### EXERCISE GOAL
Across the entries that follow, count the lines with the string "special" and reply with that count alone.

##### DATASET EXTRACT #####

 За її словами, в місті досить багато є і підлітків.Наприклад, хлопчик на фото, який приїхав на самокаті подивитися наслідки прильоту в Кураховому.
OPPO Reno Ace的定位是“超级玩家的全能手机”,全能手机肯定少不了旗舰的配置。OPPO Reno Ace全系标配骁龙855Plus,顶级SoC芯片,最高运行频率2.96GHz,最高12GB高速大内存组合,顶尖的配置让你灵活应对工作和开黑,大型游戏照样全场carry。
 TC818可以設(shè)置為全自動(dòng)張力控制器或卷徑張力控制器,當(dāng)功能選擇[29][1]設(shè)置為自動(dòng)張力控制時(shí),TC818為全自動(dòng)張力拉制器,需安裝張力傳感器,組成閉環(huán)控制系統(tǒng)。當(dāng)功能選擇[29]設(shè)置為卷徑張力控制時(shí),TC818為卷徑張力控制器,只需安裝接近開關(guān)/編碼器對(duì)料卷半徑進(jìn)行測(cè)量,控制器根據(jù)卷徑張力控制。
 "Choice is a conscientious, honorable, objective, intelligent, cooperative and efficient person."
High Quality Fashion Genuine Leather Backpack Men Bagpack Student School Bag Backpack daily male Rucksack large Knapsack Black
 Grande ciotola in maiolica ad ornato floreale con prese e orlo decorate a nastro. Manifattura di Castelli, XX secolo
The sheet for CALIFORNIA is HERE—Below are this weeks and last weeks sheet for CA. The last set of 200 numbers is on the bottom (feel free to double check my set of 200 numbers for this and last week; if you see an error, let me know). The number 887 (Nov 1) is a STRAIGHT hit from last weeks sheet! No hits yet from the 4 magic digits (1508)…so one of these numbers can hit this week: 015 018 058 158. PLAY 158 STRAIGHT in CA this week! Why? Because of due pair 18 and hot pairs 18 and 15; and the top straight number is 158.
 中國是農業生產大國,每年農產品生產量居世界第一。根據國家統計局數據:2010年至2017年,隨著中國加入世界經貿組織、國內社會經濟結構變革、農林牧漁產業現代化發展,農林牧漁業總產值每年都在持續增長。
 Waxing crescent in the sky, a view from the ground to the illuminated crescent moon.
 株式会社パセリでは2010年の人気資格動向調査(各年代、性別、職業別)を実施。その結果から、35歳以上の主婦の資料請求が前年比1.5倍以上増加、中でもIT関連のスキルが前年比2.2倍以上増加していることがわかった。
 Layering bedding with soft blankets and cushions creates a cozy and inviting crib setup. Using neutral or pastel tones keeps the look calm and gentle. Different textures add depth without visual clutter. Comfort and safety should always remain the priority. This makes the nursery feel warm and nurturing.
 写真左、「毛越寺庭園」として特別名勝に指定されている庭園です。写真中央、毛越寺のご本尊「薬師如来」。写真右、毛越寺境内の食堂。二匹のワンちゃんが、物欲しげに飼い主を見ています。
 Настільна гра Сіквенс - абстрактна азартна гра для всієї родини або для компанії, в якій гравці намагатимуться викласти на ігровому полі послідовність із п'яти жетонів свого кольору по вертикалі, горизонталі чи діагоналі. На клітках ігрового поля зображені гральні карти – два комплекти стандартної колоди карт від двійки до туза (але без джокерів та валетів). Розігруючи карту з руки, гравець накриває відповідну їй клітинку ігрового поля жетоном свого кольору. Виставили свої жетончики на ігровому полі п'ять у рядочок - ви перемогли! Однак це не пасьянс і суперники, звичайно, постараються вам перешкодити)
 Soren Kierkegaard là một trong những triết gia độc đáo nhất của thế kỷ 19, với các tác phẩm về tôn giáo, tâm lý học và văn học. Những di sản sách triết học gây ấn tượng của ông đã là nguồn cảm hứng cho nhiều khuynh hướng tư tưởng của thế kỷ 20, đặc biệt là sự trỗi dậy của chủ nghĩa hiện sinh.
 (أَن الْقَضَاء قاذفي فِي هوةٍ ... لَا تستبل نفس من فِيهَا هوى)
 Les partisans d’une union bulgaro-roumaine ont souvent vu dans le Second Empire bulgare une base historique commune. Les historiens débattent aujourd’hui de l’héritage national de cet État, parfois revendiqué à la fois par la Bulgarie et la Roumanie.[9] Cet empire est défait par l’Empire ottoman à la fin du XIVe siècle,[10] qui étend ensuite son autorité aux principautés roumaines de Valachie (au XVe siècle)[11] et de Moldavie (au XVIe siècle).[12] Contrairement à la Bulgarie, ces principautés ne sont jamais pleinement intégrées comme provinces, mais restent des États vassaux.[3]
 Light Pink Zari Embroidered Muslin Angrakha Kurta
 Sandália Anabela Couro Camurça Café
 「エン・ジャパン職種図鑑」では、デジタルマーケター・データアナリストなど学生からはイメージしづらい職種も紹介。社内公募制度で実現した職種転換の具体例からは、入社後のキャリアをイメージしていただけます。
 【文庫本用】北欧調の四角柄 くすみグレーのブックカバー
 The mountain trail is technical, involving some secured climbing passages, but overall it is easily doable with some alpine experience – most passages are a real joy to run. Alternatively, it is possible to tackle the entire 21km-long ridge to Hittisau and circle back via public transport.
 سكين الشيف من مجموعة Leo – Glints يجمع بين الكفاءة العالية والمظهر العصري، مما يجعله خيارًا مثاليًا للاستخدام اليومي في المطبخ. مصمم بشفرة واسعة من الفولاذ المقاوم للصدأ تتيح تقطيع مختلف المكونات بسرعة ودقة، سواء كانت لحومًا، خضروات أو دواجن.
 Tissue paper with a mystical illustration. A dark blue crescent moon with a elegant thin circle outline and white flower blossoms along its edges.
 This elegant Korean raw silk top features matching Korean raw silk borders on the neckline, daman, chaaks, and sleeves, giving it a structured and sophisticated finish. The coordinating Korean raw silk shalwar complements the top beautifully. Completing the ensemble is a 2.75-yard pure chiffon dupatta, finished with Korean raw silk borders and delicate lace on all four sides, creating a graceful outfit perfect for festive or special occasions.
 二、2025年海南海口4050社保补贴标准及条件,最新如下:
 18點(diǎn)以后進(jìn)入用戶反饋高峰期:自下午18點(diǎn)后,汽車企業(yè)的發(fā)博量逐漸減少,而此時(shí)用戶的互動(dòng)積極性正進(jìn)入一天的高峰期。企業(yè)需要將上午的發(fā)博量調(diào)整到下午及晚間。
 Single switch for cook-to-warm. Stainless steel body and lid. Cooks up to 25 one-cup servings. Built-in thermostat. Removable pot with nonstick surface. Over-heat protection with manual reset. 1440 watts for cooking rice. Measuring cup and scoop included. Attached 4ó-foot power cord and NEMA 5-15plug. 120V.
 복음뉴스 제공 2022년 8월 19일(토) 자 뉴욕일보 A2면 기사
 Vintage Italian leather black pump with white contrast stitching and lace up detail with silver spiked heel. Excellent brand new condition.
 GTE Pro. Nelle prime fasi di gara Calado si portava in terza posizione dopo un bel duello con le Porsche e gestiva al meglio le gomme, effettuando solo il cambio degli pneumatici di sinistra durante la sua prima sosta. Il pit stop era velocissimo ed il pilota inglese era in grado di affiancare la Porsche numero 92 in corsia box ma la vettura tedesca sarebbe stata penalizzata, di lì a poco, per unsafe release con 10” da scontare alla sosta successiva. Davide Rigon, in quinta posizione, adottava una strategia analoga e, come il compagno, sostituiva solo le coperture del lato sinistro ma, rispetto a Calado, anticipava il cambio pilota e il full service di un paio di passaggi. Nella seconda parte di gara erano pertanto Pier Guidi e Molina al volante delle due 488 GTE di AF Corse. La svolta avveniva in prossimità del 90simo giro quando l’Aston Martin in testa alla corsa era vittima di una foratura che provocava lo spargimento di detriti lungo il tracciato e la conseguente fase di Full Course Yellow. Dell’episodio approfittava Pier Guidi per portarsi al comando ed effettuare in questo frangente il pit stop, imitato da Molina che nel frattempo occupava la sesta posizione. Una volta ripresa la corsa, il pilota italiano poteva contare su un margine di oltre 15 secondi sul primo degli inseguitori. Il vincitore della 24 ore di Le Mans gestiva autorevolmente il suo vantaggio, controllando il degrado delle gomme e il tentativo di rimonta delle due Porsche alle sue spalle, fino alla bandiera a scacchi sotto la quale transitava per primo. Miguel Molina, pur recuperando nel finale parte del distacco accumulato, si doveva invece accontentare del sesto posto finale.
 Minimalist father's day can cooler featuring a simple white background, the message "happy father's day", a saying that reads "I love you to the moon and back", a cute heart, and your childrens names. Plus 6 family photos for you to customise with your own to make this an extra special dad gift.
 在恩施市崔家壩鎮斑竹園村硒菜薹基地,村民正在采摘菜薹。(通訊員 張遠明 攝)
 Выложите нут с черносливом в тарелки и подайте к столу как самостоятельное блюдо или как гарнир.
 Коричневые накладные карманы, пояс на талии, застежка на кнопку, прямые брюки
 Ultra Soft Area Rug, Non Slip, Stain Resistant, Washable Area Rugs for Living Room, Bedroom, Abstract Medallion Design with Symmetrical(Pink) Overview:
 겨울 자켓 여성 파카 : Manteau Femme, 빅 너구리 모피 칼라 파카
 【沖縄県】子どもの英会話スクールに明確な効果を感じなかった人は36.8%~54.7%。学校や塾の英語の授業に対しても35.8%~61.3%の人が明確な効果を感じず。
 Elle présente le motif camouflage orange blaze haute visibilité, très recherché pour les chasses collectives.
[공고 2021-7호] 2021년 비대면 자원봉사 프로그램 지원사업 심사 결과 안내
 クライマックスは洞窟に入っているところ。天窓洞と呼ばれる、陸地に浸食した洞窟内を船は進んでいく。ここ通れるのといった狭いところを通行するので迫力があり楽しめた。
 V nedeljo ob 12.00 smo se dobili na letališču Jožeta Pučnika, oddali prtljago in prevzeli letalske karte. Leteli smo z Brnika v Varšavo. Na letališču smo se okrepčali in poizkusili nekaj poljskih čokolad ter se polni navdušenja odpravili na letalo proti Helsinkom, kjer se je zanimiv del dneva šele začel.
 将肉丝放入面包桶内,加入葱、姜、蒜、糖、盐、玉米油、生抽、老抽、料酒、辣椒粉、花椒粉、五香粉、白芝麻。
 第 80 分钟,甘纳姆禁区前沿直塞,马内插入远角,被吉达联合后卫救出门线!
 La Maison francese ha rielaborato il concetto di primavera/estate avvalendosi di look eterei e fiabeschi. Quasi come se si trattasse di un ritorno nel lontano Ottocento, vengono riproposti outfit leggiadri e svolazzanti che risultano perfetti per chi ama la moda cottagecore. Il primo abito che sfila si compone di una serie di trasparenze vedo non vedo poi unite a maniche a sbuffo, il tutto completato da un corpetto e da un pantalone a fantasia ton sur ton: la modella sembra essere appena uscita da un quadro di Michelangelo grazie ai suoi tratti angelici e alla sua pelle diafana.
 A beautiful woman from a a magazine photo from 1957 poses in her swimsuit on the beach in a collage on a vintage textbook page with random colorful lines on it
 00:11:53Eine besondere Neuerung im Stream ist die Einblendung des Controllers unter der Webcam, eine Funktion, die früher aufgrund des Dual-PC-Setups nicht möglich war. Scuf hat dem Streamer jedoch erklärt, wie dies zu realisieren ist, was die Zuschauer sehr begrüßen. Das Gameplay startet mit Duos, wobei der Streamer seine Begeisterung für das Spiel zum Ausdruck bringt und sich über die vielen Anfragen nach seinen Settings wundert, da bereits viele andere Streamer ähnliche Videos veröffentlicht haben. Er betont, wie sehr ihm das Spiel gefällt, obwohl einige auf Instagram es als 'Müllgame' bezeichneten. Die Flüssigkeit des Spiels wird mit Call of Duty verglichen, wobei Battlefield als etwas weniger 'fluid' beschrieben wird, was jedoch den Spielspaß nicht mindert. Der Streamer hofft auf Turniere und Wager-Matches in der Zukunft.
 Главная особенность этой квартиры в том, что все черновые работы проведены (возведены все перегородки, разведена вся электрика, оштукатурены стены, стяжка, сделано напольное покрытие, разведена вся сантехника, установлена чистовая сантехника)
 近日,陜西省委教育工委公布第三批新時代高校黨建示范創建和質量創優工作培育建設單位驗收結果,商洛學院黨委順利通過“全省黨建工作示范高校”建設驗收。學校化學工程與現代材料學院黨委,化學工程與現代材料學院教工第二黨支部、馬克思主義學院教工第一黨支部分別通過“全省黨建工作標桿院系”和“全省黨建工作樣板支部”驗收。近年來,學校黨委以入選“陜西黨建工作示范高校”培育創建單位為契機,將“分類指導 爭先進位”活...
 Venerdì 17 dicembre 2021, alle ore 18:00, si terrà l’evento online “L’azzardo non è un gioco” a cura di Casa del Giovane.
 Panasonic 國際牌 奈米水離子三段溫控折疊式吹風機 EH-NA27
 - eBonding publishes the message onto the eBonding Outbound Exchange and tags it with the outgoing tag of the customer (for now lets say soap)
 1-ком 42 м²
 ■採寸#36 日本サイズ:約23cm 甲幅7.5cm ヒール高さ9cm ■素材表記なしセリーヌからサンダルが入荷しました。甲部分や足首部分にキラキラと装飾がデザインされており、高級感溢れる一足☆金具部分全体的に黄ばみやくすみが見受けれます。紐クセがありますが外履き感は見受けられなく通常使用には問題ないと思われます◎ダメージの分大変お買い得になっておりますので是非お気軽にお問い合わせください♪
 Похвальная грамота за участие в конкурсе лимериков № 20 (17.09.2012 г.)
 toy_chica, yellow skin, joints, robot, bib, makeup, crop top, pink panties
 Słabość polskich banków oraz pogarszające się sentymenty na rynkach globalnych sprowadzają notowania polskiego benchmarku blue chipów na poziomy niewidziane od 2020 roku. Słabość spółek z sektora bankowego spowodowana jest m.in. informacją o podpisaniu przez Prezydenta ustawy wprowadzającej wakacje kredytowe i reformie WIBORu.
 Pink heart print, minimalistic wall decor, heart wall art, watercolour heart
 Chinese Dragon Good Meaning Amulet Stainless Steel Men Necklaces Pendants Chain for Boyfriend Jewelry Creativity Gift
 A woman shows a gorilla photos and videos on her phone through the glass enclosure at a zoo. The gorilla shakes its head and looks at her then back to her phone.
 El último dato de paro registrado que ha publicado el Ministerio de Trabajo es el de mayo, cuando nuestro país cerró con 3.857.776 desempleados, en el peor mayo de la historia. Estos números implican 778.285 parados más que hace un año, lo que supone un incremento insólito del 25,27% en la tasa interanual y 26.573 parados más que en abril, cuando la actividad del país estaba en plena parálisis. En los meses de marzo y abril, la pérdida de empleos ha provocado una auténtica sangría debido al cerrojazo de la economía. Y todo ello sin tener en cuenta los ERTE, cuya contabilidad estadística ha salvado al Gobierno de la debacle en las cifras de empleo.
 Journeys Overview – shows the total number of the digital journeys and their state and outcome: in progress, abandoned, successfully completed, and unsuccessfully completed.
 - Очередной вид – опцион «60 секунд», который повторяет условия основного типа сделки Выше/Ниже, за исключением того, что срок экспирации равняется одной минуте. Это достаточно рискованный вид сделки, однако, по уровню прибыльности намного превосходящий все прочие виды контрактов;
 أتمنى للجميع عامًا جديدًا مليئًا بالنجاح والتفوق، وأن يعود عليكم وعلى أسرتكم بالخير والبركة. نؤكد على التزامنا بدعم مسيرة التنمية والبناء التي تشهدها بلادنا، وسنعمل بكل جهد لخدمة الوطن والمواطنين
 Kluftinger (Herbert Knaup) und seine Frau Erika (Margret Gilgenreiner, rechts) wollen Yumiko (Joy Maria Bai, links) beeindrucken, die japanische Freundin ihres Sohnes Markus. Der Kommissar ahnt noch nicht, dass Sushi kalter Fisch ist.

#####

### RESPONSE BELOW
2